[DATA Boundary: Start]

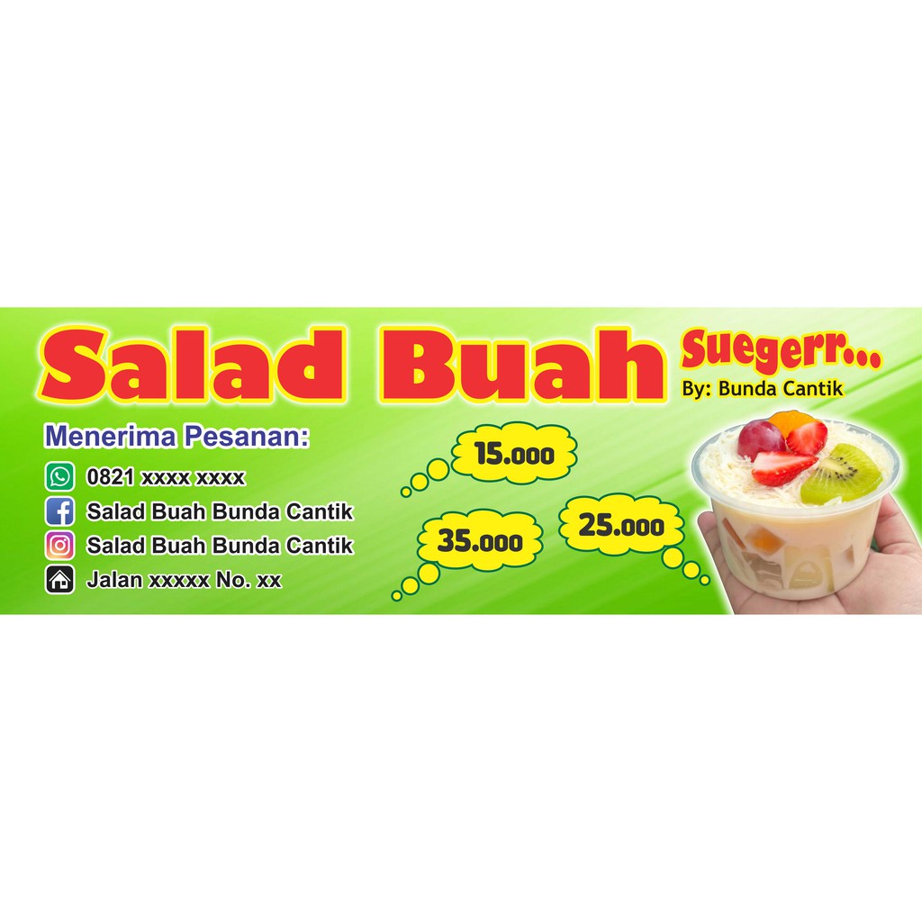 Luar Biasa X Banner Salad Buah Erlie Decor. Dari usaha ini diasumsikan dalam satu hari totalnya penerimaaan yang di dapat dari salad buah adalah sebanyak 100 porsi dengan harga rp 12. Spanduk Jual Es Kelapa Muda.
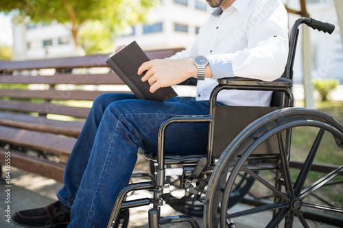 © AntonioDiaz, Fototapeta premium Man in wheelchair reading a book
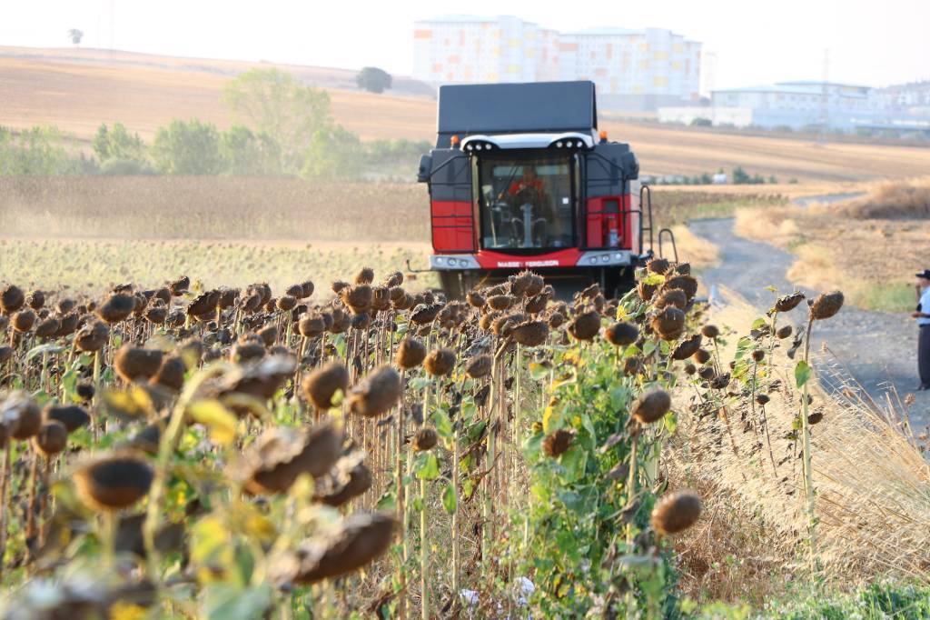 Tekirdağ'da yerli hibrit tohum üretimi ayçiçeği hasadı gerçekleştirildi.
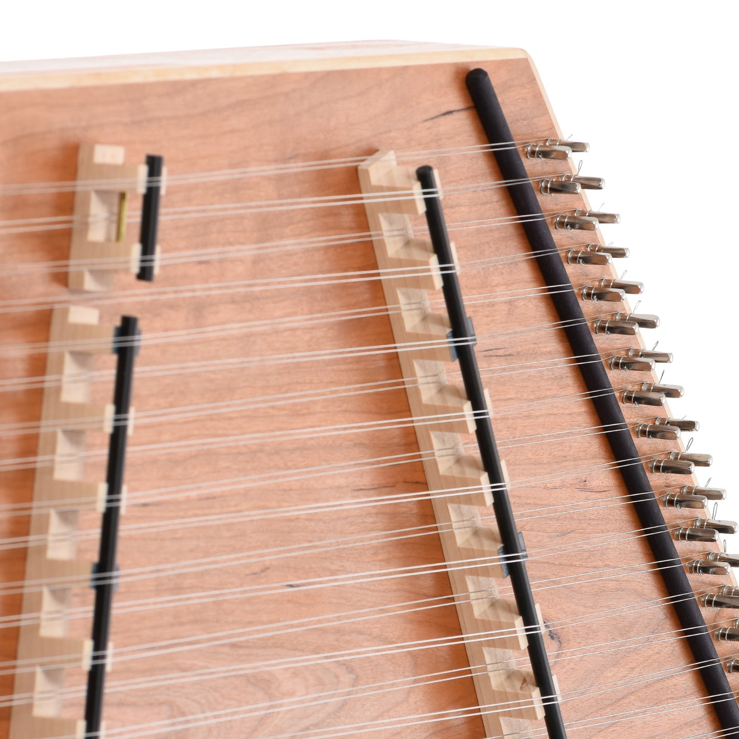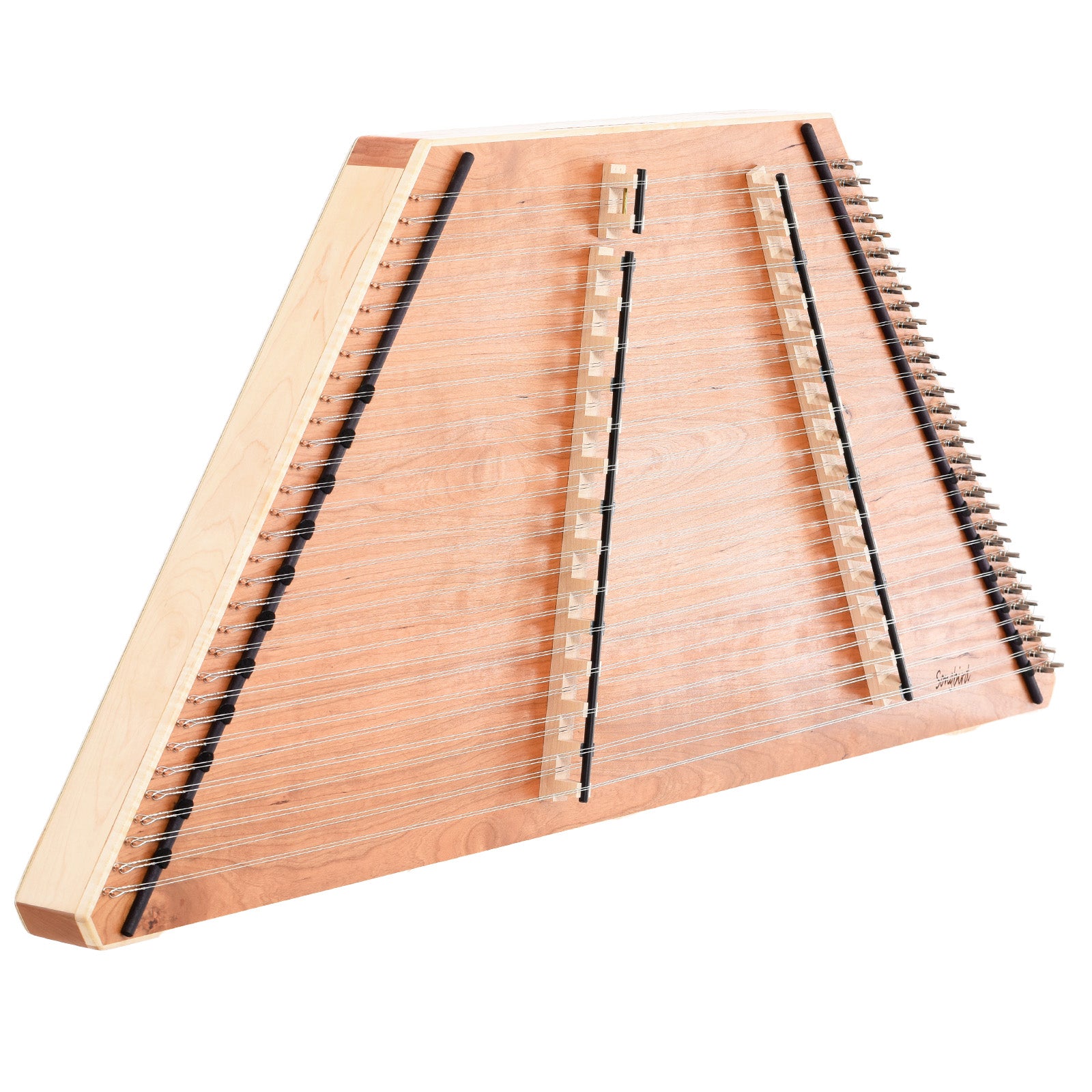 This full-size dulcimer is great for the beginner with a larger budget. Seasoned players looking for a dulcimer that holds its tune to take to jams and festivals will like it also. Top is a lovely cherry veneer, soundholes are on the back. With 16 treble courses and 15 bass courses it offers a range of over 4 octaves starting at a low D.
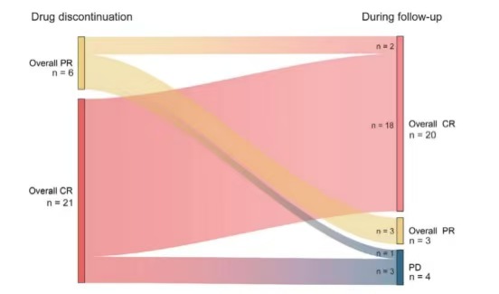 该研究共纳入27例停药后病情稳定的iMCD-TAFRO患者,经中位31个月随访监测,23例患者(占比85.2%)病情持续稳定且达到生化维度完全缓解,其中20例实现临床完全缓解。数据显示,患者停药后6个月、1年、3年的病情稳定率分别为96.3%、85.2%、85.2%;仅4例患者病情恶化,且均发生在停药1年内,截至末次随访,全部27例患者均存活。
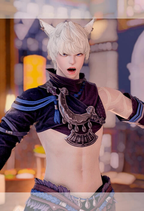 "What do you want me to say? I used to be a fighter and now I'm here. For private reasons, I don't go adventuring any more. I like to stick to myself, but for more private reasons, I opened the Host Club. I'm not sure if it's made my life worse or better. Not sure I prefer managing a bunch of miqote over fighting primals and helping people..."
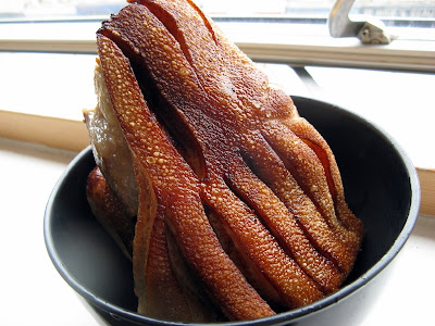 I've used this method of cooking pork belly before. It's lengthy and involves multiple stages of cooking, but the end dish results in tender meat, silky fat and subtle flavours. It's not for the faint of heart; deep frying a piece of pork belly usually results in a fair amount of hot oil being spat all over the kitchen. Squeals can be heard emanating from my terrified but salivating mouth.After an initial boiling to rid the meat of impurities and scum, it is then dried and slid into a wok of bubbling oil until it takes on a gorgeous caramel colour.
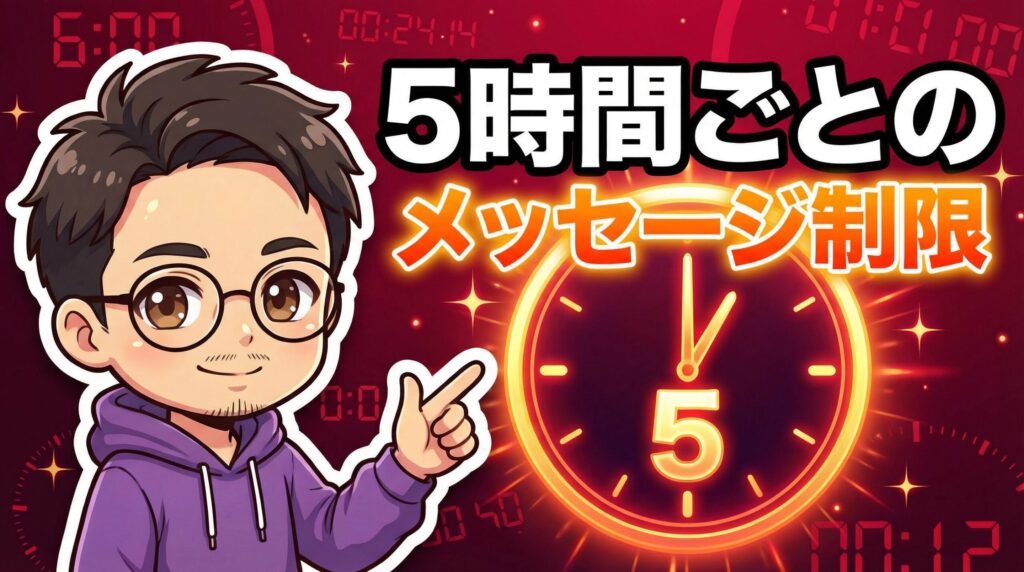 | メッセージ送信回数 | 5時間あたり約45件(目安) | 5時間ごと |
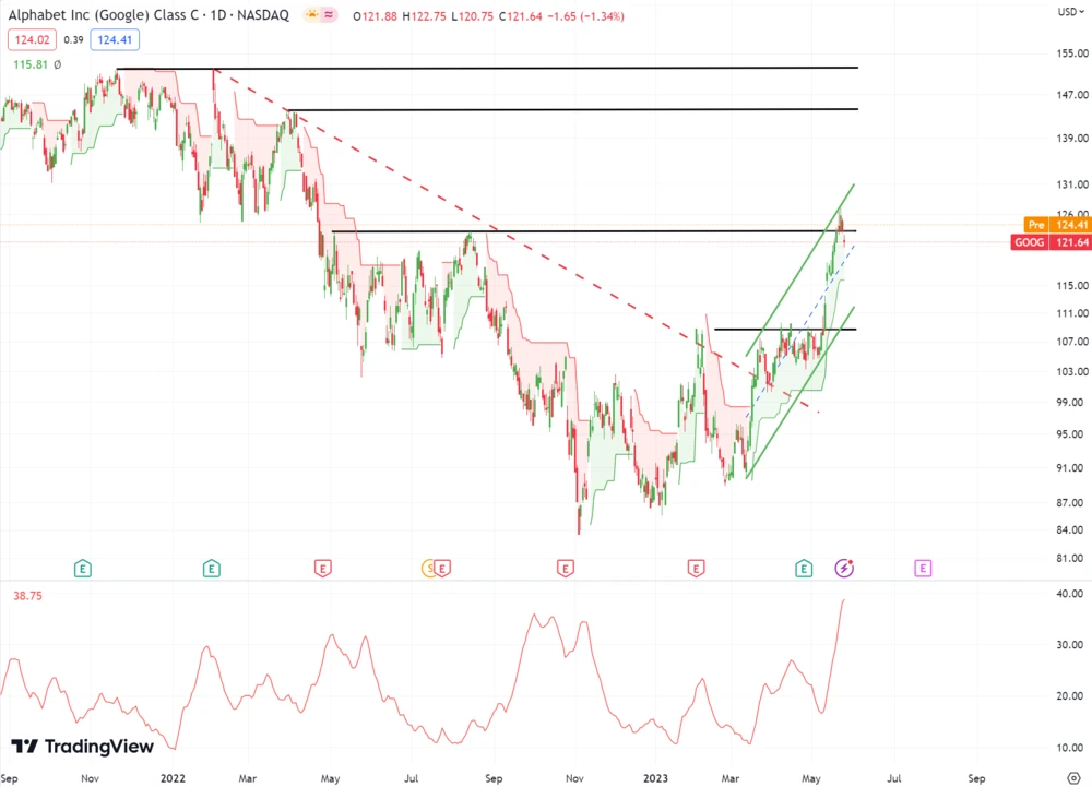 Wie eine Rakete ist die Alphabet-Aktie aus einer wichtigen Widerstandszone nach oben geschossen. Getragen von den letzten positiven Quartalszahlen hat es das Unternehmen geschafft, das April-Hoch 2023 hinter sich zu lassen und auf ein 52-Wochen-Hoch zu steigen. Nun könnte sie bald einen neuen Anlauf auf das April-Hoch 2022 unternehmen.
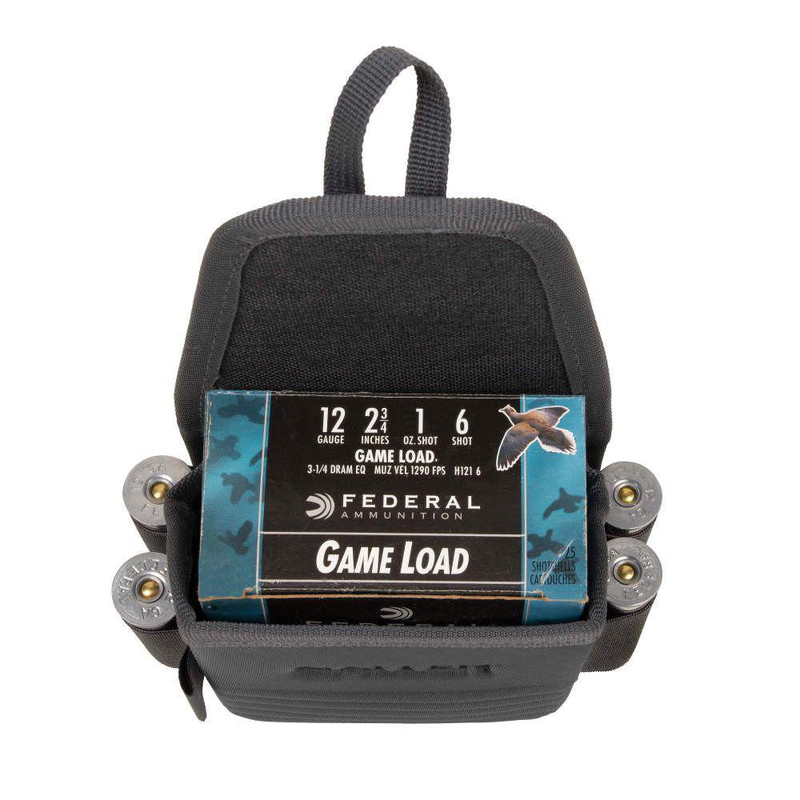 Molded EVA shell carrier designed for shotgun ammunition storage, holding one standard box of 12-gauge 2¾" shells or 25 spent hulls. Features four external elastic shell loops, two D-rings for attaching accessories, and a web belt loop for attachment to most belts. Durable construction suitable for clay shooting, skeet, and hunting applications.
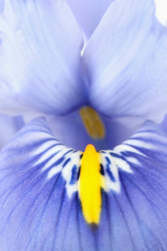 Eine schöne Iris vor weißem Hintergrund. Diese fröhlichen Blumen verschönern im Frühling so manchen Garten.

[DATA Boundary: End]

- WHAT YOU ARE ASKED TO DO: Print exactly the lines from the first line of the records above through the line containing "Tekirdağ'da yerli hibrit", both included, and leave the pictures out.

- ANSWER SECTION:
 Luar Biasa X Banner Salad Buah Erlie Decor. Dari usaha ini diasumsikan dalam satu hari totalnya penerimaaan yang di dapat dari salad buah adalah sebanyak 100 porsi dengan harga rp 12. Spanduk Jual Es Kelapa Muda.
 © AntonioDiaz, Fototapeta premium Man in wheelchair reading a book
 Tekirdağ'da yerli hibrit tohum üretimi ayçiçeği hasadı gerçekleştirildi.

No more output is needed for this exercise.